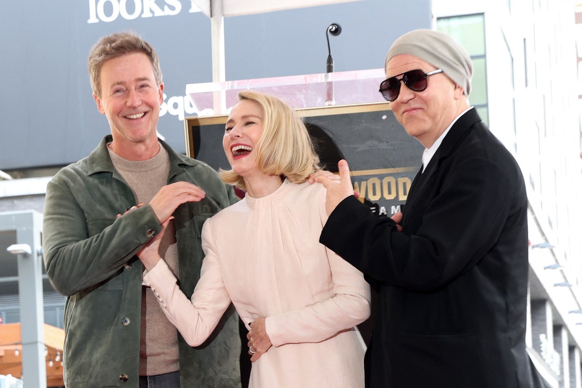 Edward Norton, Naomi Watts, and Ryan Murphy attend Watts’ Hollywood Walk of Fame Star Ceremony in Los Angeles, California, on October 13, 2025
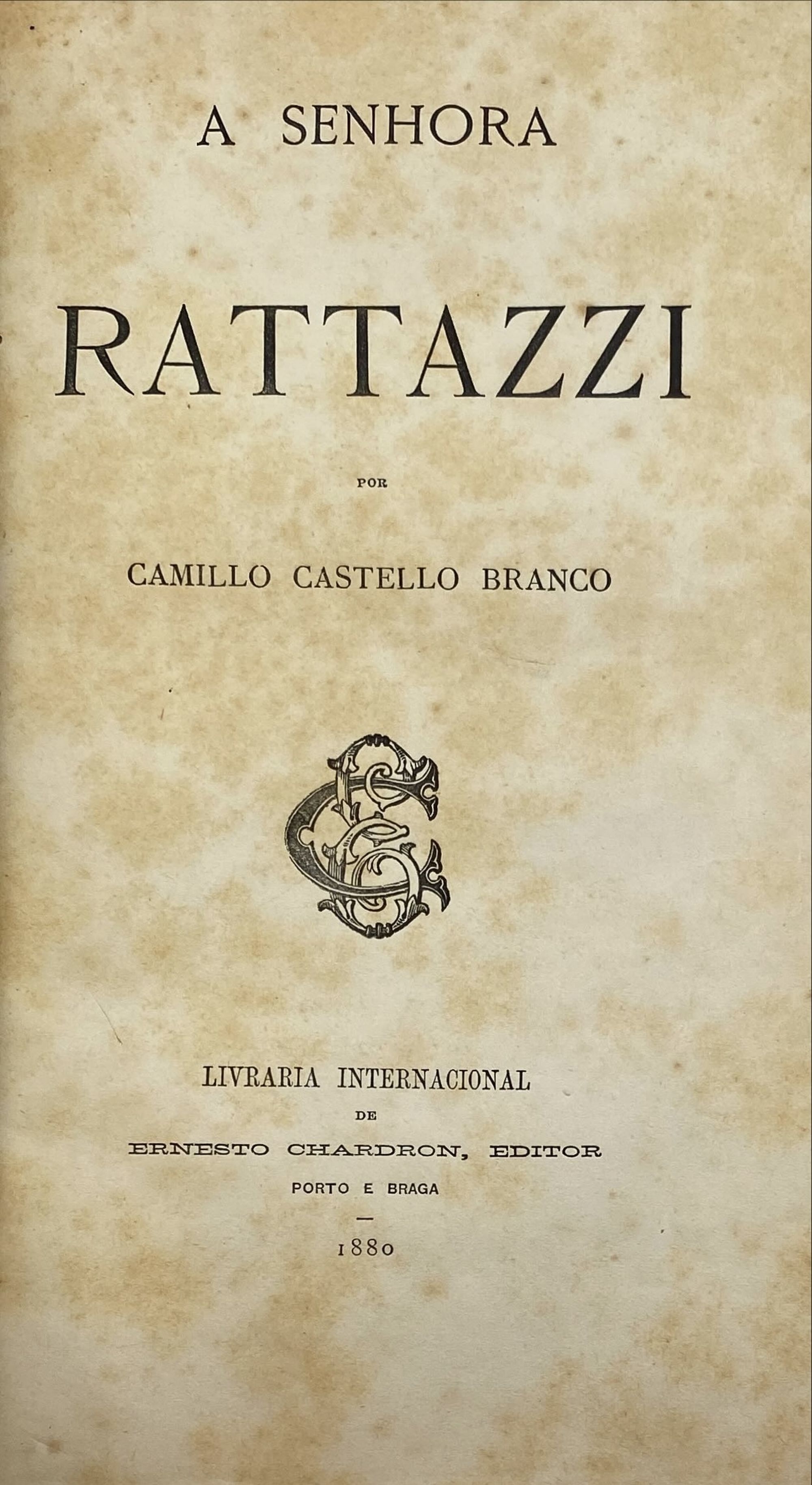 A SENHORA RATTAZZI. Porto e Braga. Livraria Internacional de Ernesto Chardron, Editor. 1880. In-8º de 30, [1] págs.
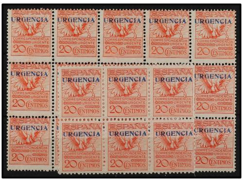 ** ESPAÑA. Ed. 591A. 20 c. urgente. 21 sellos. Centrados variados. Cat. 1.050€.
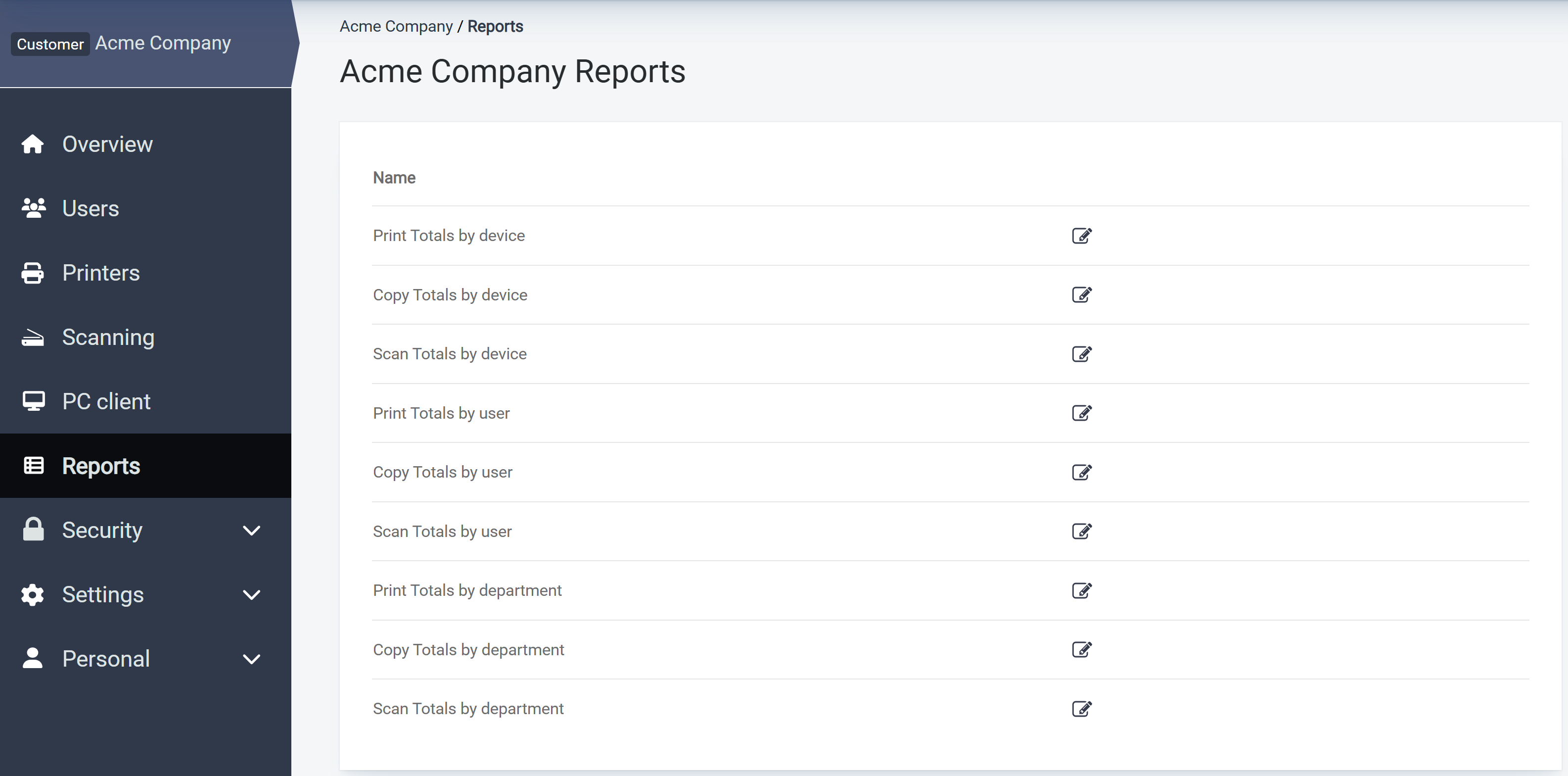 RICOH PMC includes high level reports to show printed output by user, by device, or by department. You can view the reports in your browser or export them to Excel, PDF, or CSV.
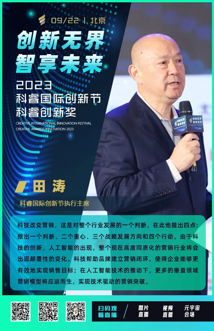 2023年9月22日,由北京广告协会指导,科睿国际创新节组委会主办,广告之家信息科技(北京)有限公司承办的2023科睿国际创新节暨科睿创新奖颁奖盛典在北京新云南皇冠假日酒店圆满落幕。2023科睿国际创新节高峰论坛围绕“创新无界 • 智享未来”主题理念,共同探讨新时代背景下的创新新思路。本次高峰论坛探讨话题将围绕融媒体时代、私域价值、AIGC应用、元宇宙空间、IP视界、全域营销、带货洞察、科睿海外版等。此外,九大创新领域升级密码,解析数字经济时代的增长轨迹,如何开启新通道,拉开新局面,科睿国际高峰论坛正在以崭新的视角放眼行业,与创新者同行。
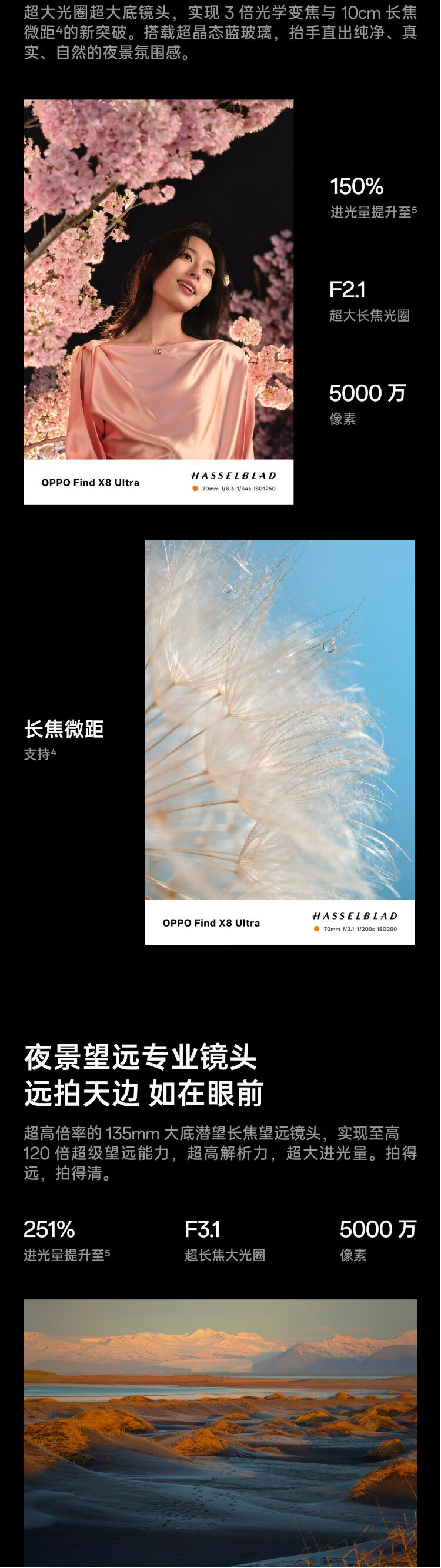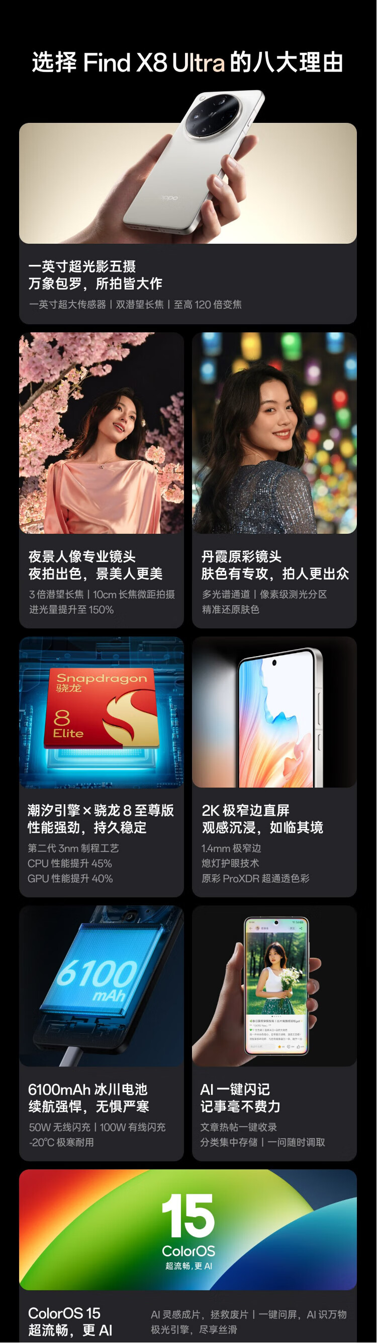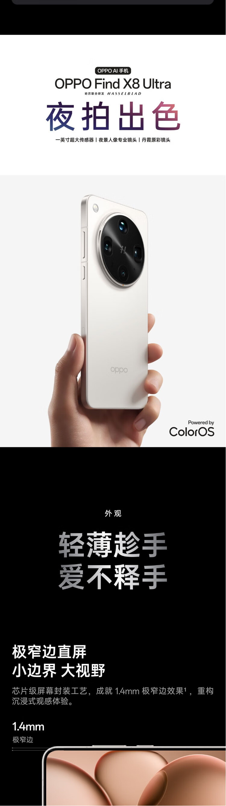 OPPO Find X8 Ultra Night Scene Portrait Professional Lens Danxia Original Color Lens Snapdragon 8 Extreme Edition 2K Extremely Narrow Straight Screen AI 5G Flagship Mobile Phone Moonlight White 16GB+512GB
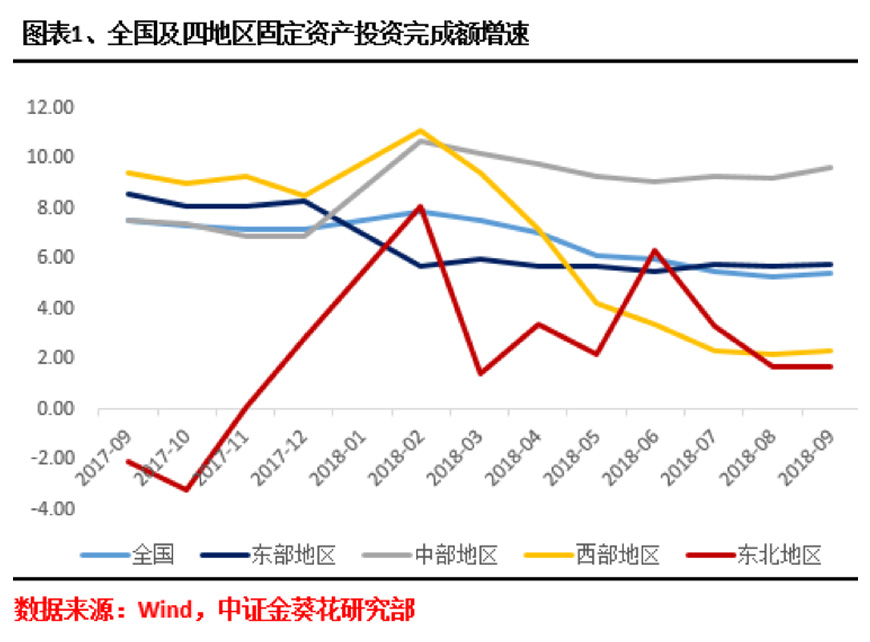 前三季度固定资产投资完成额48.34万亿元,同比增长5.4%,比1-8月增加0.1个百分点,总体表现出企稳态势。分地区看,东部地区前三季度固定资产投资完成额同比增加5.8%,比1-8月增加0.1个百分点;中部地区同比增长9.6%,比1-8月增加0.4个百分点;西部地区同比增长2.3%,比1-8月增加0.1个百分点;东北地区同比增长1.7%,与1-8月持平。
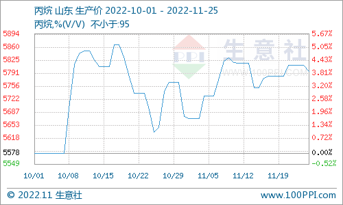 In November, China's domestic propane market fluctuated and rose, and the Shandong propane market struggled to rise. According to SunSirs data monitoring, the average price of propane in Shandong was 5,670 yuan/ton on November 1, and 5,795 yuan/ton on November 25, an increase of 2.19% within the month and a decrease of 3.594% compared with the same period last year.
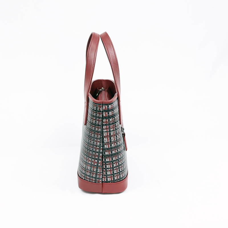 チェック部分はチェックメッシュ風型押しに、職人手作業により1本1本ライン引きしています。そのためチェック柄模様は商品によって異なり、同じものはありません。
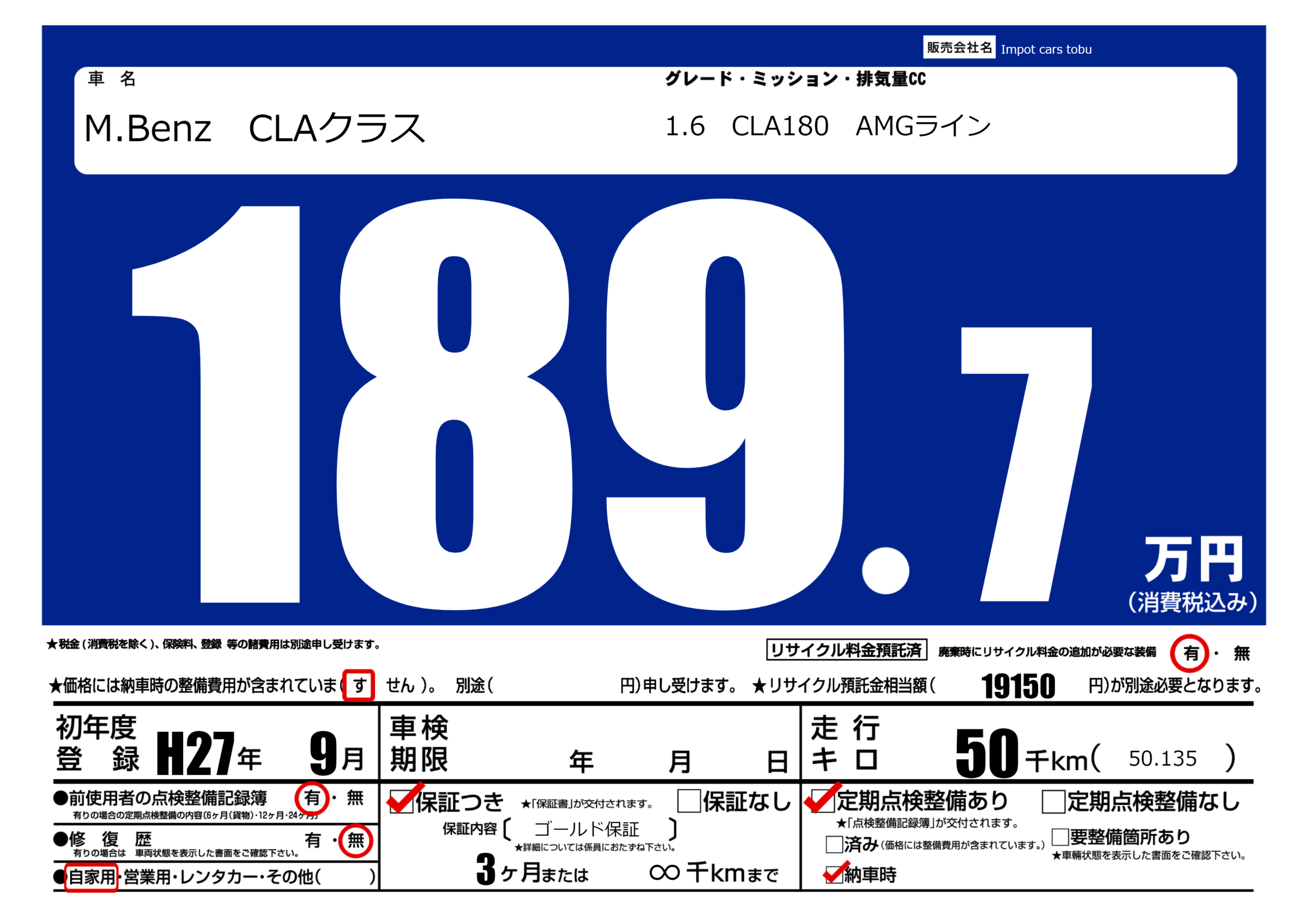 | 車名 | M.Benz CLAクラス | グレード ミッション 排気量 |
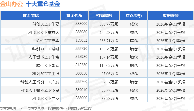 持有金山办公最多的基金为科创50ETF华夏,目前规模为685.48亿元,最新净值1.5097(4月23日),较上一交易日下跌1.27%,近一年上涨42.09%。该基金现任基金经理为荣膺。
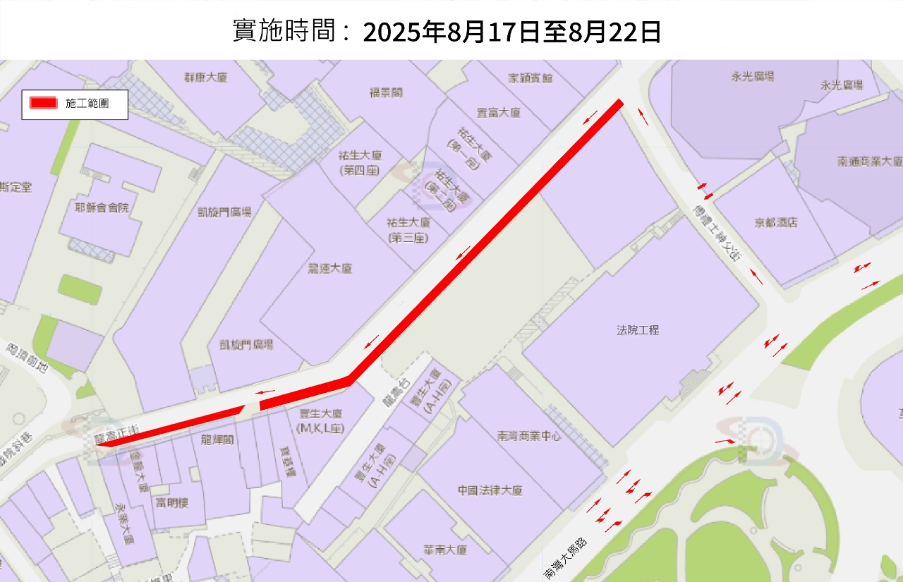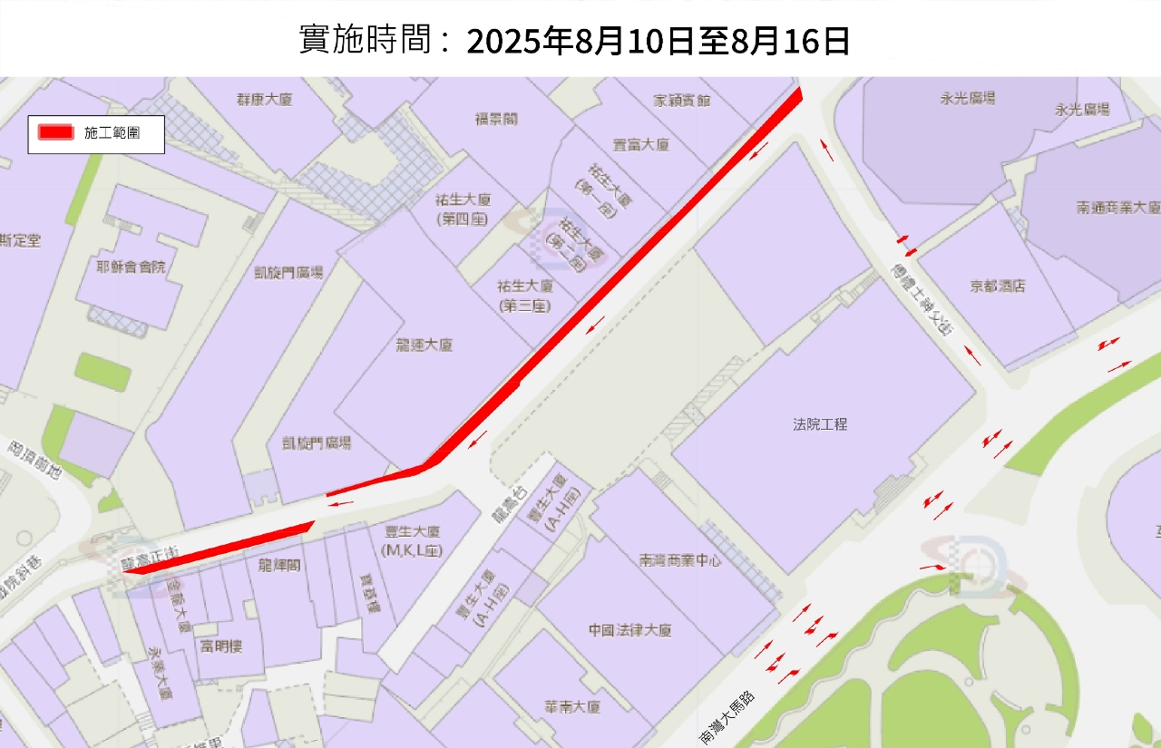 南灣大馬路法院大樓工程的管線接駁工作自本年6月16日起分三階段有序推進,首階段施工已於7月12日按時完成。現時正進行第二階段施工,預計可於8月10日按時完成,並於同日緊接開展第三階段施工。屆時,南灣大馬路將恢復正常通車,龍嵩正街繼續維持有限度通車,龍嵩正街近凱旋門廣場的輕型汽車咪錶泊車位和電單車泊車位繼續維持禁止泊車。

==========

Problem description: The reply should hold every line of the material above, unchanged, and no pictures.

Result for this task:
 Edward Norton, Naomi Watts, and Ryan Murphy attend Watts’ Hollywood Walk of Fame Star Ceremony in Los Angeles, California, on October 13, 2025
 A SENHORA RATTAZZI. Porto e Braga. Livraria Internacional de Ernesto Chardron, Editor. 1880. In-8º de 30, [1] págs.
 ** ESPAÑA. Ed. 591A. 20 c. urgente. 21 sellos. Centrados variados. Cat. 1.050€.
 RICOH PMC includes high level reports to show printed output by user, by device, or by department. You can view the reports in your browser or export them to Excel, PDF, or CSV.
 2023年9月22日,由北京广告协会指导,科睿国际创新节组委会主办,广告之家信息科技(北京)有限公司承办的2023科睿国际创新节暨科睿创新奖颁奖盛典在北京新云南皇冠假日酒店圆满落幕。2023科睿国际创新节高峰论坛围绕“创新无界 • 智享未来”主题理念,共同探讨新时代背景下的创新新思路。本次高峰论坛探讨话题将围绕融媒体时代、私域价值、AIGC应用、元宇宙空间、IP视界、全域营销、带货洞察、科睿海外版等。此外,九大创新领域升级密码,解析数字经济时代的增长轨迹,如何开启新通道,拉开新局面,科睿国际高峰论坛正在以崭新的视角放眼行业,与创新者同行。
 OPPO Find X8 Ultra Night Scene Portrait Professional Lens Danxia Original Color Lens Snapdragon 8 Extreme Edition 2K Extremely Narrow Straight Screen AI 5G Flagship Mobile Phone Moonlight White 16GB+512GB
 前三季度固定资产投资完成额48.34万亿元,同比增长5.4%,比1-8月增加0.1个百分点,总体表现出企稳态势。分地区看,东部地区前三季度固定资产投资完成额同比增加5.8%,比1-8月增加0.1个百分点;中部地区同比增长9.6%,比1-8月增加0.4个百分点;西部地区同比增长2.3%,比1-8月增加0.1个百分点;东北地区同比增长1.7%,与1-8月持平。
 In November, China's domestic propane market fluctuated and rose, and the Shandong propane market struggled to rise. According to SunSirs data monitoring, the average price of propane in Shandong was 5,670 yuan/ton on November 1, and 5,795 yuan/ton on November 25, an increase of 2.19% within the month and a decrease of 3.594% compared with the same period last year.
 チェック部分はチェックメッシュ風型押しに、職人手作業により1本1本ライン引きしています。そのためチェック柄模様は商品によって異なり、同じものはありません。
 | 車名 | M.Benz CLAクラス | グレード ミッション 排気量 |
 持有金山办公最多的基金为科创50ETF华夏,目前规模为685.48亿元,最新净值1.5097(4月23日),较上一交易日下跌1.27%,近一年上涨42.09%。该基金现任基金经理为荣膺。
 南灣大馬路法院大樓工程的管線接駁工作自本年6月16日起分三階段有序推進,首階段施工已於7月12日按時完成。現時正進行第二階段施工,預計可於8月10日按時完成,並於同日緊接開展第三階段施工。屆時,南灣大馬路將恢復正常通車,龍嵩正街繼續維持有限度通車,龍嵩正街近凱旋門廣場的輕型汽車咪錶泊車位和電單車泊車位繼續維持禁止泊車。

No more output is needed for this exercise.